I'm trying to prove Osserman's third lemma in his proof of the Four Vertex Theorem:
Lemma 3. Let a smooth oriented unit speed curve $\gamma$ have the same unit tangent vector $\vec{t}$ at a point $P$ as a positively oriented circle $C$ of radius $R$. Let $\kappa$ be the curvature of $\gamma$. Then if $\kappa(P) > 1/R$, a neighborhood of $P$ on $\gamma$ lies inside $C$, while if $\kappa(P) < 1/R$, a neighborhood of $P$ on $\gamma$ lies outside $C$.

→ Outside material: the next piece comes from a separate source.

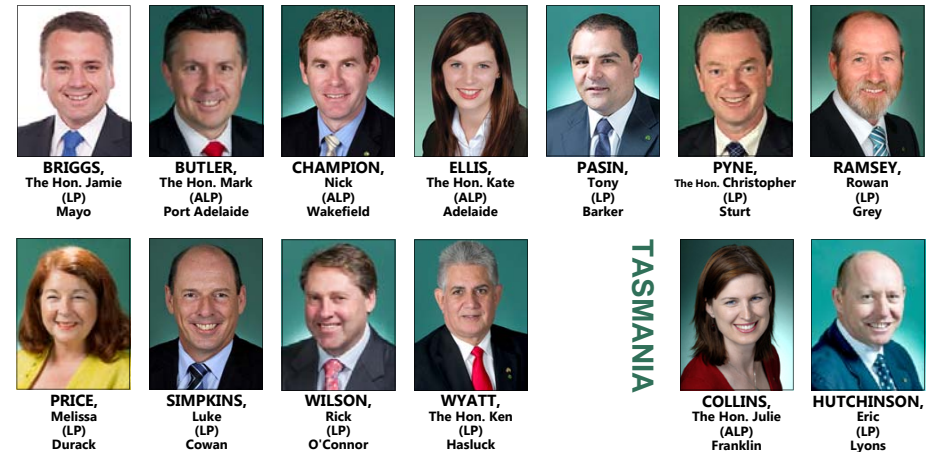
BRIGGS , The Hon. Jamie (LP) Mayo BUTLER , The Hon. Mark (ALP) Port Adelaide CHAMPION , Nick (ALP) Wakefield ELLIS , The Hon. Kate (ALP) Adelaide PASIN , Tony (LP) Barker PYNE , The Hon. Christopher (LP) Sturt RAMSEY , Rowan (LP) Grey MACFARLANE , The Hon. Ian (LP) Groom NEUMANN , The Hon. Shayne (ALP) Blair O'DOWD , Ken (NP) Flynn PALMER , Clive, (PUP) Fairfax PERRETT , Graham (ALP) Moreton PITT , The Hon. Keith (NP) Hinkler PRENTICE , The Hon. Jane (LP) Ryan RIPOLL , The Hon. Bernie (NP) Oxley ROBERT , The Hon. Stuart (LP) Fadden ROY , The Hon. Wyatt (LP) Longman SCOTT , The Hon. Bruce (LP) Maranoa SWAN , The Hon. Wayne (LP) Lillie TRUSS , The Hon. Warren (NP) Wide Bay VAN MANEN , Bert (LP) Forde VASTA , Ross (LP) Bonner BRIGGS , The Hon. Jamie (LP) Mayo BUTLER , The Hon. Mark (ALP) Port Adelaide CHAMPION , Nick (ALP) Wakefield ELLIS , The Hon. Kate (ALP) Adelaide PASIN , Tony (LP) Barker PYNE , The Hon. Christopher (LP) Sturt RAMSEY , Rowan (LP) Grey

It seems intuitive that that if the curvature of $\gamma$ is less than the curvature of the circle, then a portion of the $\gamma$ near $P$ should lie outside of the circle, while if the curvature of $\gamma$ is greater than the curvature of the circle, then a portion of the $\gamma$ near $P$ should lie inside of the circle.
I'm having trouble finding a rigorous solution, though, and I haven't been able to find anything relevant online.
My attempt at a proof
Consider the case where $\kappa(P) > 1/R$ at $P$. Now the osculating circles of $\gamma$ must have radius $\frac{1}{\kappa}<R$. By assumption, $\gamma$ and $C$ have the same unit normal vector at $P$, so the osculating circles of $\gamma$ on lie inside $C$.
If $\kappa' \neq 0$ on $P$, we can show algebraically that the osculating circle of $\gamma$ intersects with $\gamma$ on a neighborhood of $P$, and we are done. If $\kappa$ is constant on a neighborhood of $P$, then $\gamma$ must coincide with its osculating circle on that neighborhood, and we are also done. Otherwise, since $\gamma$ is smooth, there is a point infinitesmally close to $P$ with $\kappa' \neq 0$ and $\kappa(P) > 1/R$, so we have the same result.
The case where $\kappa(P) < 1/R$ is extremely similar.
This feels very hand-wavy and probably incorrect -- especially in the case where $\kappa' = 0$. (I found that requirement for the intersection with the osculating circle from an answer on here). Any advice would be appreciated!